Given data:
□ □ □

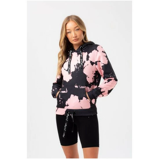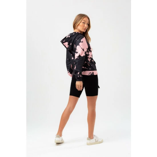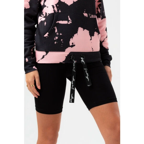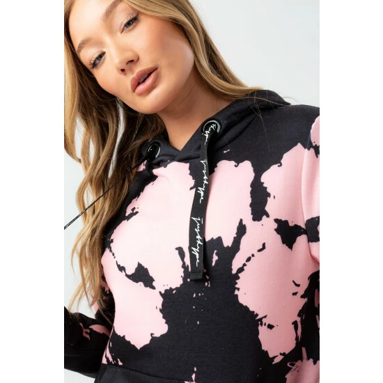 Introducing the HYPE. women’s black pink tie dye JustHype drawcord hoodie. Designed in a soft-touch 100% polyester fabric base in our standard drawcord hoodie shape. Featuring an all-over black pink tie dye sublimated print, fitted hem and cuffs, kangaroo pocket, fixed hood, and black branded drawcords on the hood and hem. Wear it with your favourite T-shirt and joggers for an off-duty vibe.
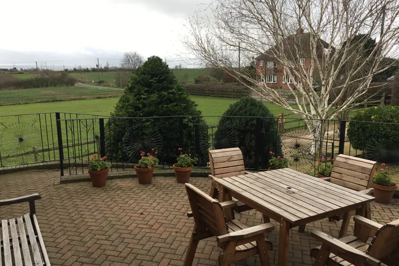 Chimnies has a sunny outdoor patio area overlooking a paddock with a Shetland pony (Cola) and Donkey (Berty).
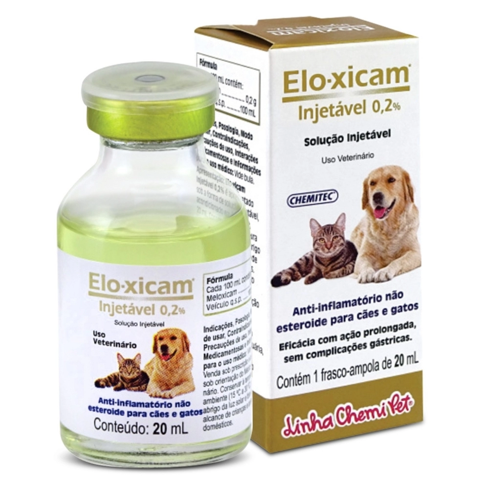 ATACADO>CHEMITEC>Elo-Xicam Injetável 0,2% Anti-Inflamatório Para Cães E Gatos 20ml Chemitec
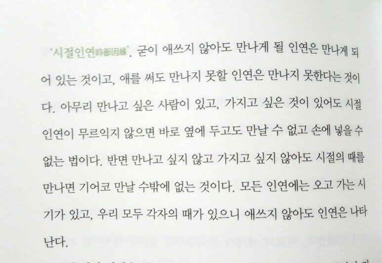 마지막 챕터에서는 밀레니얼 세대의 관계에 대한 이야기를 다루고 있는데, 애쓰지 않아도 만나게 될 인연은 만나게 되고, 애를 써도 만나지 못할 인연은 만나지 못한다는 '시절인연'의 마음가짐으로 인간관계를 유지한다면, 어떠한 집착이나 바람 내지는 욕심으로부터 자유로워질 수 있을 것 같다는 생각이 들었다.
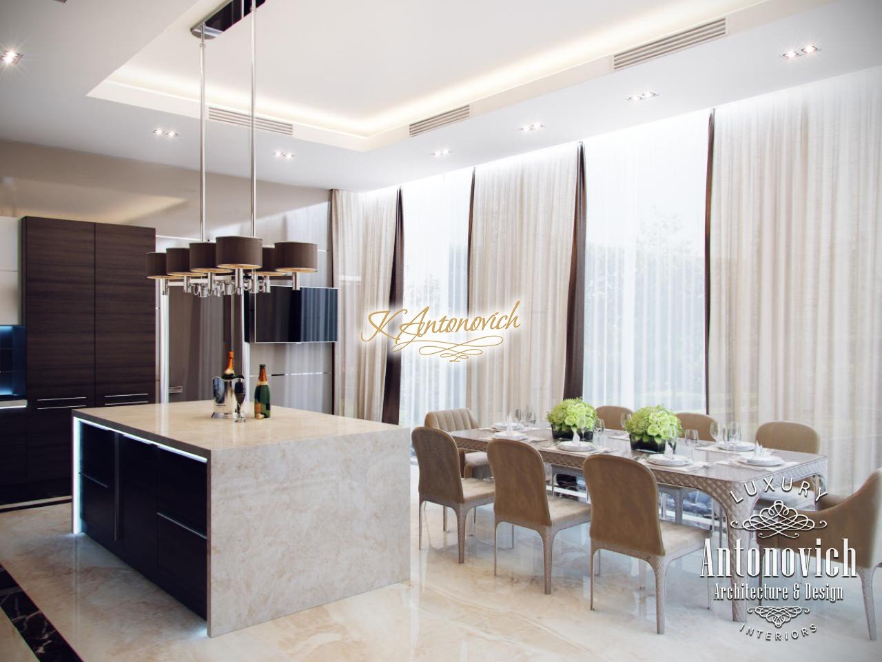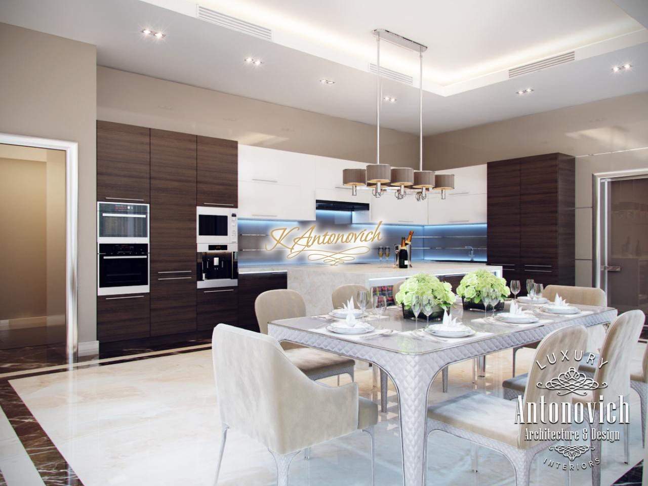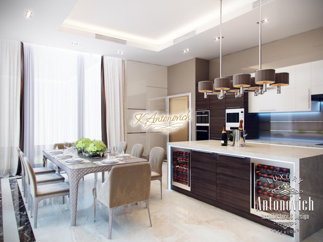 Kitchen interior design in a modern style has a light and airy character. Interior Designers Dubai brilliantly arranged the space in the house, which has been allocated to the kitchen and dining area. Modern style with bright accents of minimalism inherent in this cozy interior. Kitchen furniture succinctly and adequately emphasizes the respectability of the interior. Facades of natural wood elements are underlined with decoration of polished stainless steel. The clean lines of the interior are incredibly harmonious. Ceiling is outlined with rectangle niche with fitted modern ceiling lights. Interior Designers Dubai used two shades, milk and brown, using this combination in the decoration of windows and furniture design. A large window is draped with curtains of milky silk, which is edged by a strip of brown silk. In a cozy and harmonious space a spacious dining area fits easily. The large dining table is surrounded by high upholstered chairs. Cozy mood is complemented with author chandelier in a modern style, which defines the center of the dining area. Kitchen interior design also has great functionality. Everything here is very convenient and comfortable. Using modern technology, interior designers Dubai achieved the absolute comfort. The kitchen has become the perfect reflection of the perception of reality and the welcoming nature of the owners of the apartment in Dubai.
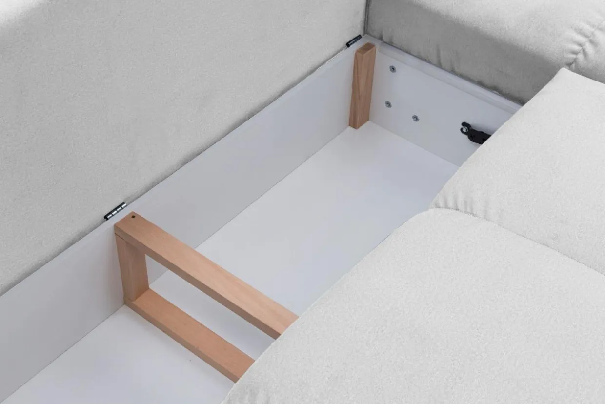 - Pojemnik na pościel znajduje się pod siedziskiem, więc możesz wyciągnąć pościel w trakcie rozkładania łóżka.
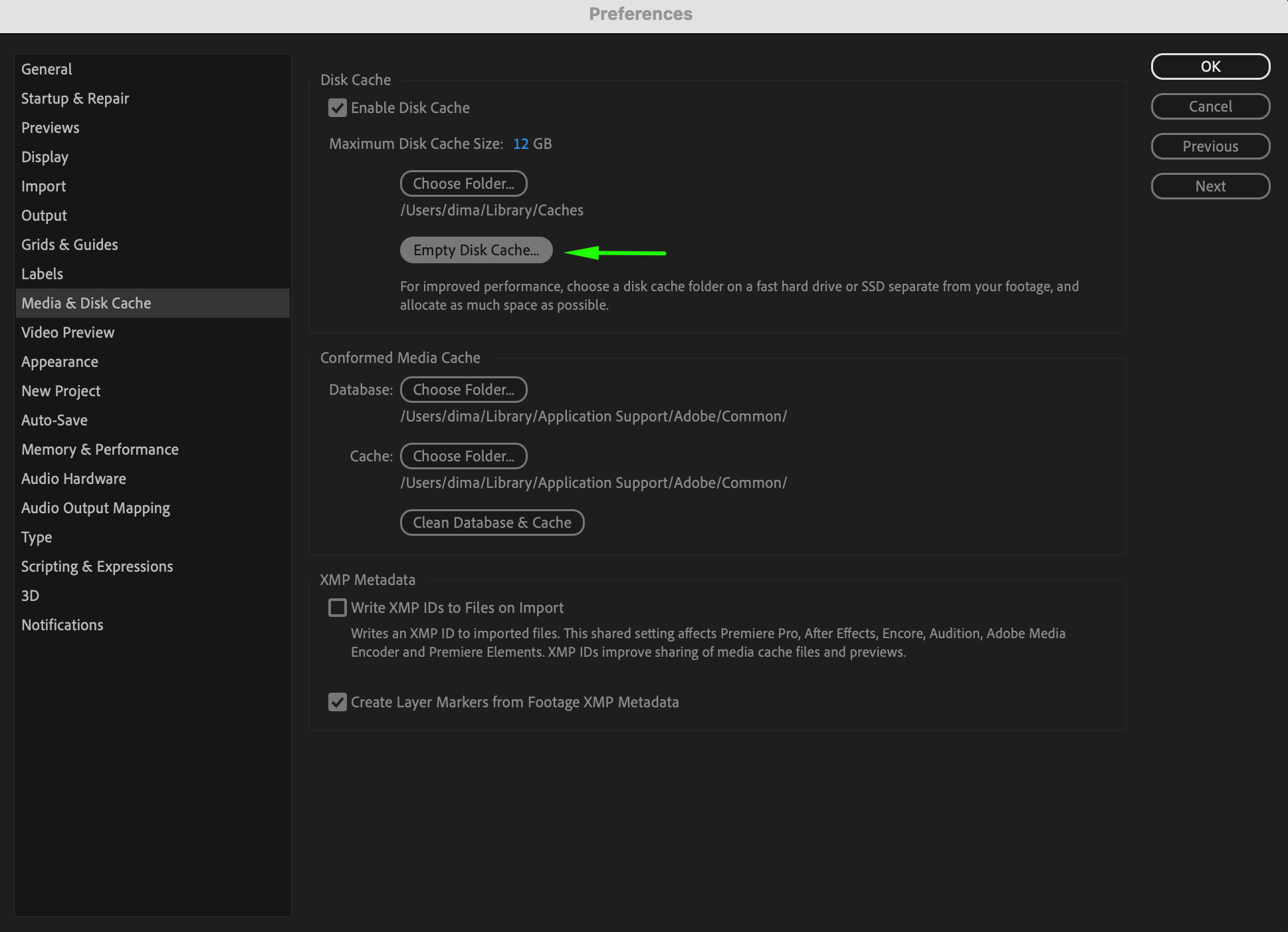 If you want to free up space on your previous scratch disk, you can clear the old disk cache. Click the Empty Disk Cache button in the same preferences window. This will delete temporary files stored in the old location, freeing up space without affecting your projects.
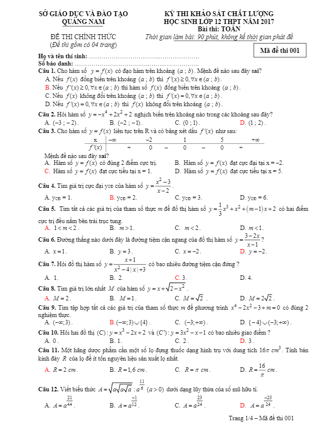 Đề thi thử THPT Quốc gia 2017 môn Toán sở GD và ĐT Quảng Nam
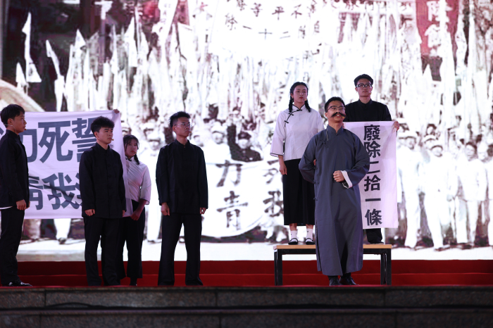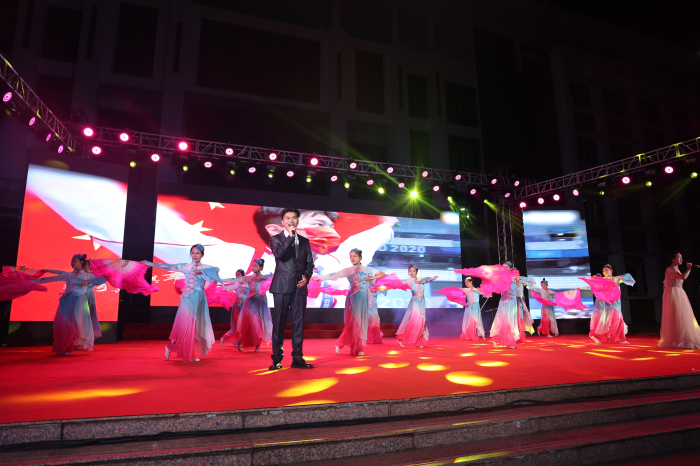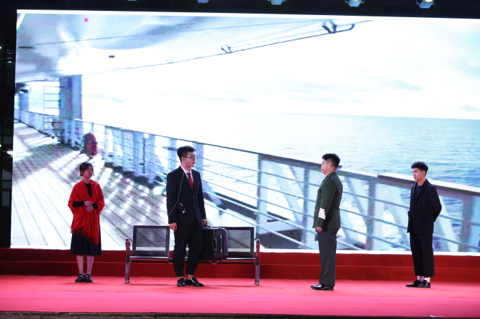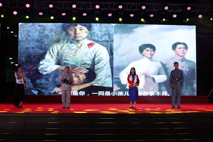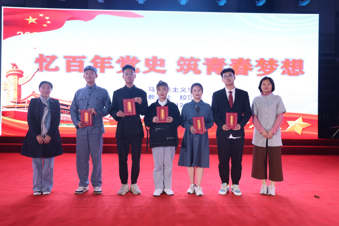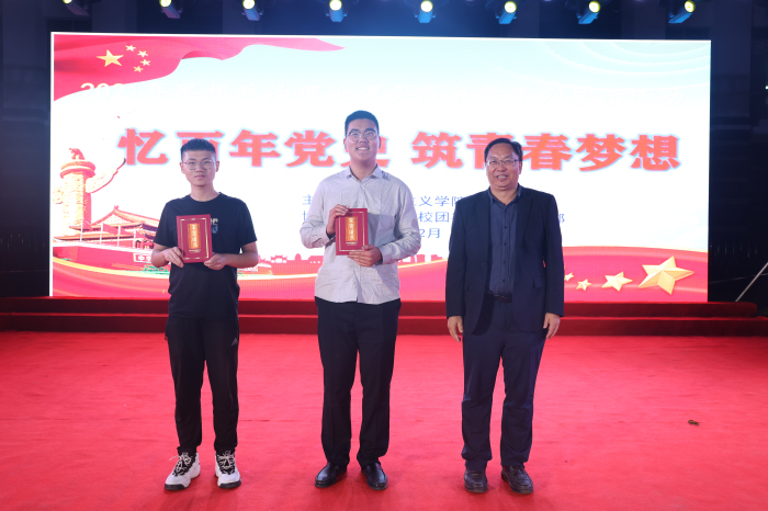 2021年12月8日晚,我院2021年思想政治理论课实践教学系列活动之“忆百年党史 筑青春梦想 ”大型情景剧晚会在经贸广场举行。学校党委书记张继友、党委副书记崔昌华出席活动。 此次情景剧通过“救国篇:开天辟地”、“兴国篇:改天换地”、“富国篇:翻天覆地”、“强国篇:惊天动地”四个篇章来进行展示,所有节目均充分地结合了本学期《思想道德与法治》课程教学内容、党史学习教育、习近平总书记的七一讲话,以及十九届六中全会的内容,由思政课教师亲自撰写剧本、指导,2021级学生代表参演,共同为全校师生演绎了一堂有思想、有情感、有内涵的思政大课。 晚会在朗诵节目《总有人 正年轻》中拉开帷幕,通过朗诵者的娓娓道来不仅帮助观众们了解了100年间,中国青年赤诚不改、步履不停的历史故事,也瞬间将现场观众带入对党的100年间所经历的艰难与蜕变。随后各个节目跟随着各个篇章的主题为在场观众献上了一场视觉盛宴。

□ □ □

Work to be completed: Write out every entry above exactly as it stands, minus the pictures.

Result of this exercise:
 Introducing the HYPE. women’s black pink tie dye JustHype drawcord hoodie. Designed in a soft-touch 100% polyester fabric base in our standard drawcord hoodie shape. Featuring an all-over black pink tie dye sublimated print, fitted hem and cuffs, kangaroo pocket, fixed hood, and black branded drawcords on the hood and hem. Wear it with your favourite T-shirt and joggers for an off-duty vibe.
 Chimnies has a sunny outdoor patio area overlooking a paddock with a Shetland pony (Cola) and Donkey (Berty).
 ATACADO>CHEMITEC>Elo-Xicam Injetável 0,2% Anti-Inflamatório Para Cães E Gatos 20ml Chemitec
 마지막 챕터에서는 밀레니얼 세대의 관계에 대한 이야기를 다루고 있는데, 애쓰지 않아도 만나게 될 인연은 만나게 되고, 애를 써도 만나지 못할 인연은 만나지 못한다는 '시절인연'의 마음가짐으로 인간관계를 유지한다면, 어떠한 집착이나 바람 내지는 욕심으로부터 자유로워질 수 있을 것 같다는 생각이 들었다.
 Kitchen interior design in a modern style has a light and airy character. Interior Designers Dubai brilliantly arranged the space in the house, which has been allocated to the kitchen and dining area. Modern style with bright accents of minimalism inherent in this cozy interior. Kitchen furniture succinctly and adequately emphasizes the respectability of the interior. Facades of natural wood elements are underlined with decoration of polished stainless steel. The clean lines of the interior are incredibly harmonious. Ceiling is outlined with rectangle niche with fitted modern ceiling lights. Interior Designers Dubai used two shades, milk and brown, using this combination in the decoration of windows and furniture design. A large window is draped with curtains of milky silk, which is edged by a strip of brown silk. In a cozy and harmonious space a spacious dining area fits easily. The large dining table is surrounded by high upholstered chairs. Cozy mood is complemented with author chandelier in a modern style, which defines the center of the dining area. Kitchen interior design also has great functionality. Everything here is very convenient and comfortable. Using modern technology, interior designers Dubai achieved the absolute comfort. The kitchen has become the perfect reflection of the perception of reality and the welcoming nature of the owners of the apartment in Dubai.
 - Pojemnik na pościel znajduje się pod siedziskiem, więc możesz wyciągnąć pościel w trakcie rozkładania łóżka.
 If you want to free up space on your previous scratch disk, you can clear the old disk cache. Click the Empty Disk Cache button in the same preferences window. This will delete temporary files stored in the old location, freeing up space without affecting your projects.
 Đề thi thử THPT Quốc gia 2017 môn Toán sở GD và ĐT Quảng Nam
 2021年12月8日晚,我院2021年思想政治理论课实践教学系列活动之“忆百年党史 筑青春梦想 ”大型情景剧晚会在经贸广场举行。学校党委书记张继友、党委副书记崔昌华出席活动。 此次情景剧通过“救国篇:开天辟地”、“兴国篇:改天换地”、“富国篇:翻天覆地”、“强国篇:惊天动地”四个篇章来进行展示,所有节目均充分地结合了本学期《思想道德与法治》课程教学内容、党史学习教育、习近平总书记的七一讲话,以及十九届六中全会的内容,由思政课教师亲自撰写剧本、指导,2021级学生代表参演,共同为全校师生演绎了一堂有思想、有情感、有内涵的思政大课。 晚会在朗诵节目《总有人 正年轻》中拉开帷幕,通过朗诵者的娓娓道来不仅帮助观众们了解了100年间,中国青年赤诚不改、步履不停的历史故事,也瞬间将现场观众带入对党的100年间所经历的艰难与蜕变。随后各个节目跟随着各个篇章的主题为在场观众献上了一场视觉盛宴。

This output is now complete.